The authors mention data about pHIuorin fused Ste2 but do not provide any data. These data should be provided or the section should be removed from the manuscript.

– As suggested, we now provide data on internalization of Ste2∆C in ede1∆UBA ent1∆Ub ent2∆Ub mutants with and without additional mutation of the Ub-binding surfaces in the 3 yeast ANTH domain proteins. We agree this is an important addition to the work and helps support the idea that Ub-bindng by ANTH domains contributes to Ub-dependent internalization.

– We now include pictures of yeast expressing the 4 different Ste2 proteins used in the study as they internalize α factor. Shown are the time 0 timepoint while they are at 0°C and a timepoint 10 min after warming. This now substitutes for the earlier micrographs shown 0min and 20 min after warming. We see that the arrangement of panels in Figure 5 were confusing in that the quantitation of how these 4 different Ste2 proteins should have been juxtaposed to micrograph panels to the right. We have re-arranged Figure 5 to first show what a time course looks like in which we image different cells at different timepoints to avoid quenching artifacts. Then we show quantitation of all the different types of Ste2 proteins we use to keep these concepts separate. The requested micrographs of T0 and T10 are provided in SFig5B and show the same cells imaged at different times to allow readers to appreciate the kinetics of internalization.

– Again apologies for having to go to the BioRvix version of the paper to get the proper PDF file. We really appreciate your effort. Figure S4-2 is in this version. Figures3A and 3B are specifically called out

– The amino acid lettering in Figure 4B is indeed way too small to be of use and its also too small in SFig2. We have taken that out and simply labelled it based on amino acid position. In response to a concern to R1, we have also designated proline residues explicitly as well, which do not give an HSQC backbone spectra.

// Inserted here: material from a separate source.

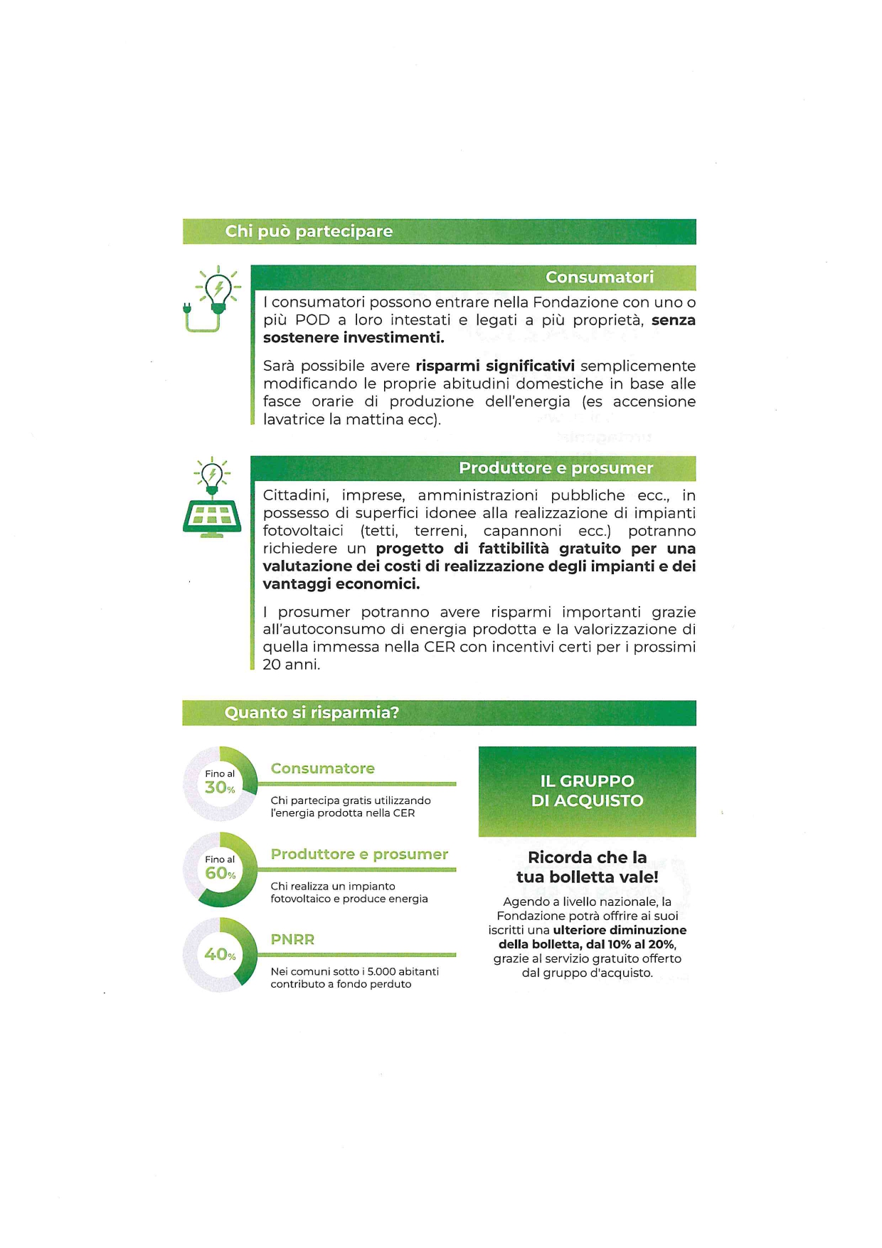 1. lnstallare impianti fotovoltaici con contributo del 40°/o a fondo perduto fino al 31 marzo 2025 (grazie ai fondi PNRR per residenti in comuni sotto i 5000 abitanti) e ricevere assistenza gratuita per le pratiche di installazione.

– The idea of whether Ub-binding alters the assembly kinetics of the CME apparatus is indeed really interesting and something we discuss in the paper. To do this right, we would want to couple that to also looking at cargo and see if assembly around Ub-dependent cargo is different from Ub-independent cargo in the midst of thee mutations. We feel this is an important but quite technically challenging question, we only know of one paper that follows cargo into assembling yeast CME puncta and the regimen to synchronize that movement is fairly different from what we use here. Without solving this, we think the cursory answer we would obtain would be unsatisfying and distracting and possibly a deterrent for others that are currently better suited to address this.

– Our discussion does indeed mention the possibility that Ub-binding by SlaI could be the one, or one of many remaining Ub adaptors for CME. This speaks to a larger effort to explain all of Ub-dependent internalization activity in yeast vs what we wanted to focus on in this manuscript which was whether Ubbinding by ANTH domains contributed to Ub-dependent internalization. Answering the larger question of how all CME Ub-binding proteins contribute represents making and analyzing a number of complicated strains that we could not complete. For instance, we have had problems altering SLA1. And as a curiosity, we pick up tons of mutations in AVL9 in these complex strains when we alter EDE1, which prevents Ste2 trafficking to the plasma membrane. All that is potentially really interesting, but outside the scope of this focused study on whether Ub-binding by ANTH domains does something.

– In terms of the effects of pHluorin, we have removed that from the main text and made a technical note in the methods section and show data in supplementary figures that prompted us to switch to un-tagged Ste2. We point out that it still internalizes and that pHluorin itself does not appear to provide an internalization signal since Ste2 without its SlaI binding site (∆C) and lacking its normal ubiquitinated lysines (K>R) does not internalize α factor when appended to pHluorin.